Tom remembered back when he himself had been a teen working alongside his father. Inspector Orson Hatcher had been a renowned detective and was well sought after for his keen intellect. He was a superb sleuth, but a difficult father, always lecturing, always correcting his son’s mistakes. Orson had pushed Tom to grow up faster than he had wanted to, involving him in numerous cases and exposing him to images no child should witness. When Tom was twelve, he visited a morgue and saw his first corpse, a female cadaver lying on the table. It was the first time he’d seen a woman without any clothing. Her killer had stabbed her with an ice pick thirty times.

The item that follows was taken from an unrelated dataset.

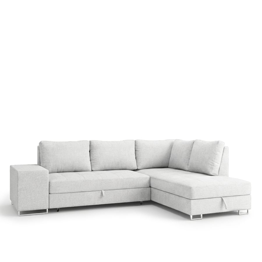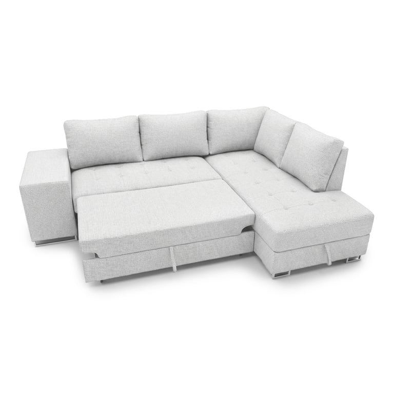 This versatile corner sofa bed features a built-in storage container, providing a practical solution for keeping your living space tidy. Perfect for storing bedding, pillows, or everyday essentials, the spacious compartment helps maximise space in any home. With its modern design and smart storage, it’s a stylish and space-saving addition to any room.

By age thirteen, Tom was learning to shoot a pistol and piece together evidence to solve a crime. His teen years were a blur, as
he and his father were always moving. Orson and Tom Hatcher had earned a reputation for solving mysteries that stretched beyond Montréal. They worked in London, Paris, Rome, Munich, Prague, and Budapest. Tom had gained plenty of knowledge from working alongside his father. But Orson had cheated Tom of his childhood, his innocence, and for that he resented his father. Tom had vowed to himself not to involve Chris in his work until the boy was mature enough to handle it. That day had finally come.
30
For Chris, this journey was the adventure of a lifetime. It was only his second time to ride a horse, and he was still getting used to his stubborn palomino, who jostled and jerked and tried to wander off on his own sometimes. Chris was in awe at the vast landscape of the Canadian wilderness, the forest-covered hills that surrounded the many lakes and open fields. He loved the smell of pine needles. His whole life he’d only known the city of Montréal. It was noisy there, bustling with people and horse buggies on the streets and boats trundling along the rivers. Here in Ontario, when the wind stopped, there was deep quiet and stillness. Now that Chris had finally gotten to leave the fort and see all the beauty of the wilderness, he was feeling better about moving here.
The ten horse riders reached an open valley that carved between the hills. Their pace was slowed by an uneven terrain of granite rocks. Chris looked over at his father, who was deep in thought. He had been silent most of the journey.
“Father? Why did we move so far away from Montréal?”
Tom narrowed his eyes. “It’s complicated.”
“Is it because of what happened to Mum?”